[SUPPLIED INFORMATION]:
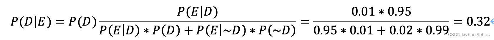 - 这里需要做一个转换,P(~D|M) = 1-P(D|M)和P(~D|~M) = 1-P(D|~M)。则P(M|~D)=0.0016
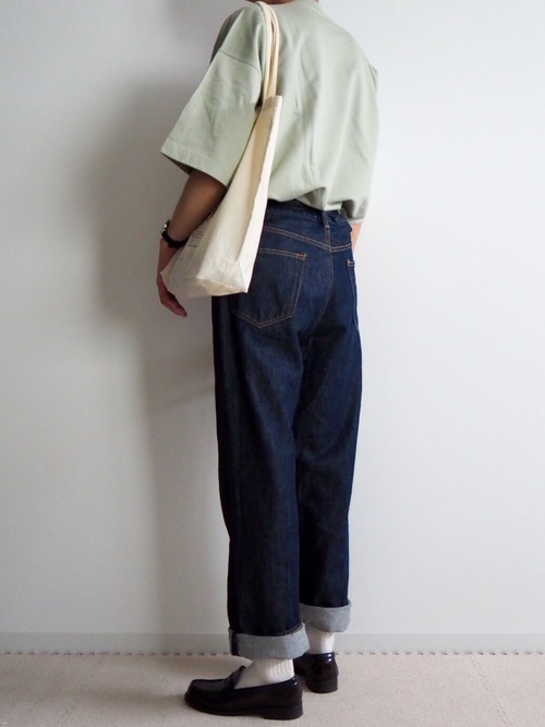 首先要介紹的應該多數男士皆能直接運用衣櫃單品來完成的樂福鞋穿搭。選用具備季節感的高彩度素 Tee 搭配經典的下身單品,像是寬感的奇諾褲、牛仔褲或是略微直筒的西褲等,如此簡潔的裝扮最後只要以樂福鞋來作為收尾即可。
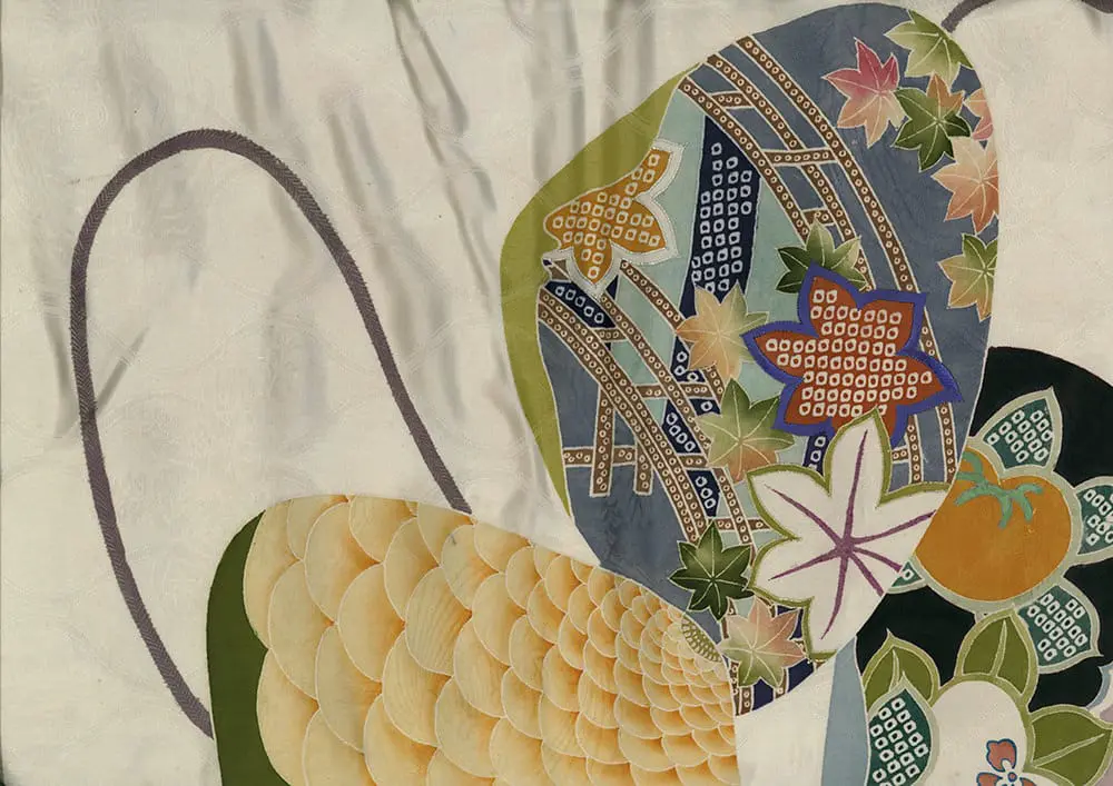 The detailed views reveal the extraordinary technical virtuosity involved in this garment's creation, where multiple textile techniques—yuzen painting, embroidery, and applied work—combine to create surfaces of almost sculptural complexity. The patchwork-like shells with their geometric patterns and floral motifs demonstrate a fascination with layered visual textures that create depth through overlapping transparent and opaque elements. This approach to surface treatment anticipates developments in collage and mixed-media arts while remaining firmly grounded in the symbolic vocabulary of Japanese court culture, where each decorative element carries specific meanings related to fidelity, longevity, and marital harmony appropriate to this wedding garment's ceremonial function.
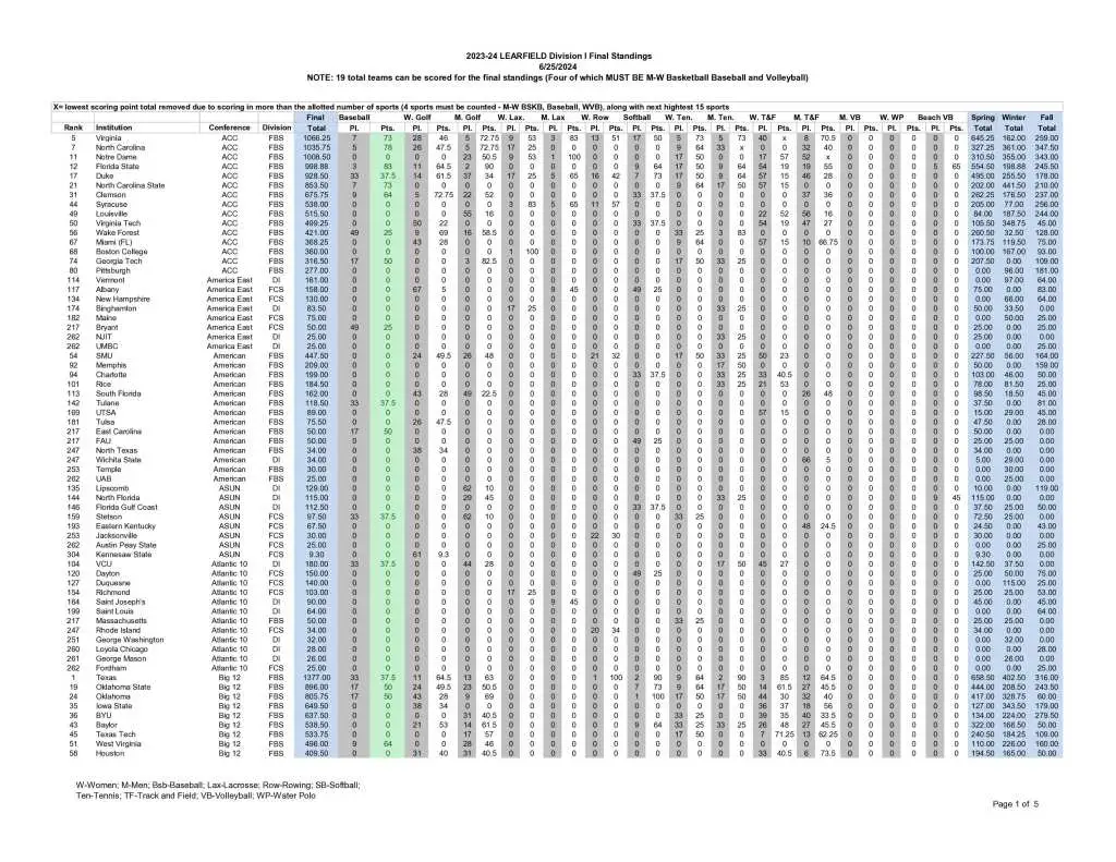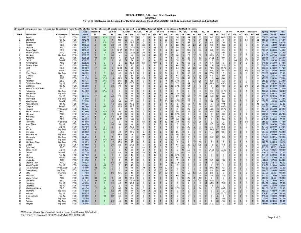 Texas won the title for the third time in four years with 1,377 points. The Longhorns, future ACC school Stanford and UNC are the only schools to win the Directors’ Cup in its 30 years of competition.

[TASK DIRECTIONS]: Pictures are not part of the copy. Restate everything else in the listing word for word.

[PROBLEM SOLUTION]:
 - 这里需要做一个转换,P(~D|M) = 1-P(D|M)和P(~D|~M) = 1-P(D|~M)。则P(M|~D)=0.0016
 首先要介紹的應該多數男士皆能直接運用衣櫃單品來完成的樂福鞋穿搭。選用具備季節感的高彩度素 Tee 搭配經典的下身單品,像是寬感的奇諾褲、牛仔褲或是略微直筒的西褲等,如此簡潔的裝扮最後只要以樂福鞋來作為收尾即可。
 The detailed views reveal the extraordinary technical virtuosity involved in this garment's creation, where multiple textile techniques—yuzen painting, embroidery, and applied work—combine to create surfaces of almost sculptural complexity. The patchwork-like shells with their geometric patterns and floral motifs demonstrate a fascination with layered visual textures that create depth through overlapping transparent and opaque elements. This approach to surface treatment anticipates developments in collage and mixed-media arts while remaining firmly grounded in the symbolic vocabulary of Japanese court culture, where each decorative element carries specific meanings related to fidelity, longevity, and marital harmony appropriate to this wedding garment's ceremonial function.
 Texas won the title for the third time in four years with 1,377 points. The Longhorns, future ACC school Stanford and UNC are the only schools to win the Directors’ Cup in its 30 years of competition.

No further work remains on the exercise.